Глава 29. АББАТ ФОРТЬЕ УБЕЖДАЕТСЯ В ТОМ, ЧТО НЕ ВСЕГДА БЫВАЕТ ПРОСТО СДЕРЖАТЬ СЛОВО

   Похоронная процессия медленно двигалась вперед, растянувшись вдоль дороги, как вдруг замыкавшие шествие услыхали позади крики.
   Они обернулись.
   Со стороны Ивора, то есть по парижской дороге, крупной рысью скакал всадник.
   Через левую его щеку проходили заметные издали две черные скрепки; зажав шляпу в руке, он размахивал ею, прося его подождать.
   Питу тоже обернулся.
   — Глядите-ка! — воскликнул он. — Господин Бийо… Ну, не хотел бы я оказаться на месте аббата Фортье!
   При имени Бийо все остановились.
   Всадник стремительно приближался, и по мере того, как он становился все ближе, присутствовавшие вслед за Питу узнавали в нем фермера.
   Подъехав к голове процессии, Бийо спрыгнул с коня, забросив повод ему на спину, и громко и отчетливо, так чтобы его все слышали, проговорил: «Здравствуйте и спасибо, граждане!», после чего занял за гробом место Питу, исполнявшего в отсутствие фермера его обязанности.
   Конюх позаботился о лошади Бийо, отведя ее на конюшню.
   Все с любопытством разглядывали Бийо.
   Он немного осунулся и заметно побледнел.
   Кожа его на лбу и вокруг глаз еще отливала синевой после полученного удара.
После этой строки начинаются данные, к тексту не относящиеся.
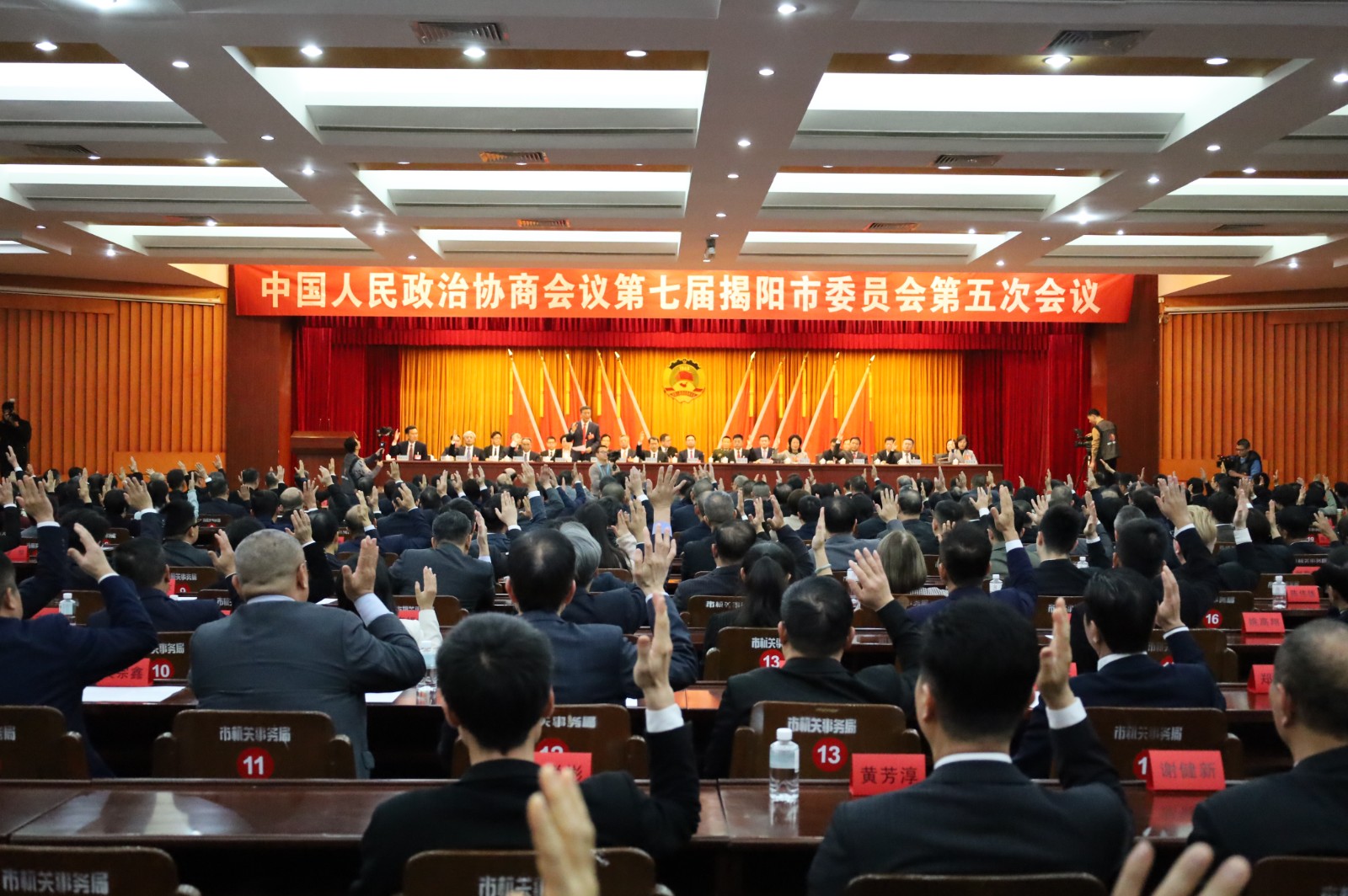 大会宣布政协第七届揭阳市委员会常务委员会部分组成人员选举结果,表决通过《政协第七届揭阳市委员会第五次会议决议》。

   Сцепив зубы, нахмурившись, он будто только и ждал подходящей минуты, чтобы излить на кого-нибудь свою злость.
   — Вы знаете, что произошло? — спросил Питу.
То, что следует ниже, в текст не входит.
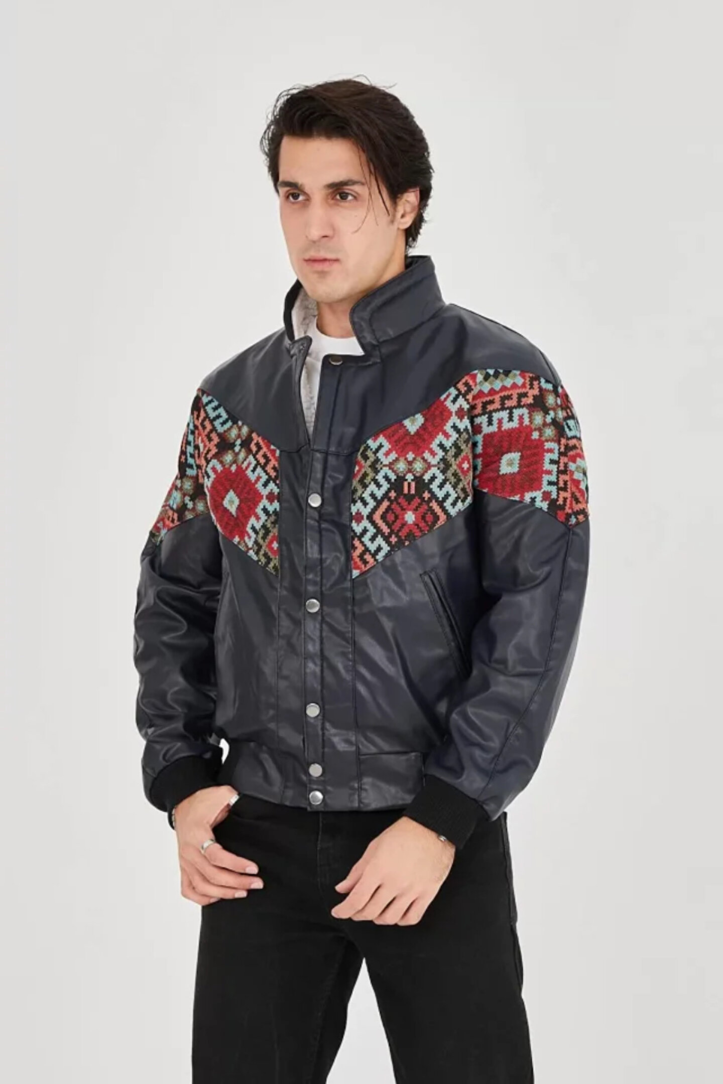 Erkek İçi Astarlı İçten Yaka Kısmı Peluşlu Suni Kumaş Vintage Ceket - Lacivert

   — Я все знаю, — отвечал Бийо.
   Как только Жильбер сообщил фермеру, в каком состоянии находится его жена, тот сел в кабриолет и доехал до Нантея.
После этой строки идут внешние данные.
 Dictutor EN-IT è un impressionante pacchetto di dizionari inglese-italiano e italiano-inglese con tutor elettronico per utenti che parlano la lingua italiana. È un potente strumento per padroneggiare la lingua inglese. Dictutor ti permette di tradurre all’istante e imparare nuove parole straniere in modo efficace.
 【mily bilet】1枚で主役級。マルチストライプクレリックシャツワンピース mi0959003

   Дальше, несмотря на слабость, Бийо пришлось взять почтовую лошадку; в Левиньяне он переменил коня и прибыл на ферму как раз в ту минуту, как похоронная процессия только что двинулась в путь.
   Госпожа Клеман в двух словах рассказала ему обо всем. Бийо снова вскочил в седло; проскакав вдоль забора и свернув за угол, Бийо увидал растянувшуюся вдоль дороги процессию и крикнул, чтобы его подождали.
   Теперь, как мы уже сказали, он сам, насупившись, поджав губы, скрестив руки на груди, шагал впереди.
   Принимавшие участие в траурной церемонии люди еще больше помрачнели и затихли.
   У въезда в Виллер-Котре их поджидала группа людей.
   Они влились в процессию.
   По мере того как процессия продвигалась по улицам, мужчины, женщины, дети выходили на улицу, приветствовали кивавшего в ответ Бийо и пристраивались в хвост.
   Когда похоронная процессия вышла на площадь, в ее рядах собралось более пятисот человек.
   С площади была видна церковь.
   Случилось то, что и предвидел Питу: церковь была заперта.
   Провожавшие г-жу Бийо в последний путь подошли к церкви и остановились.
   Бийо смертельно побледнел; выражение его лица становилось все более и более угрожающим.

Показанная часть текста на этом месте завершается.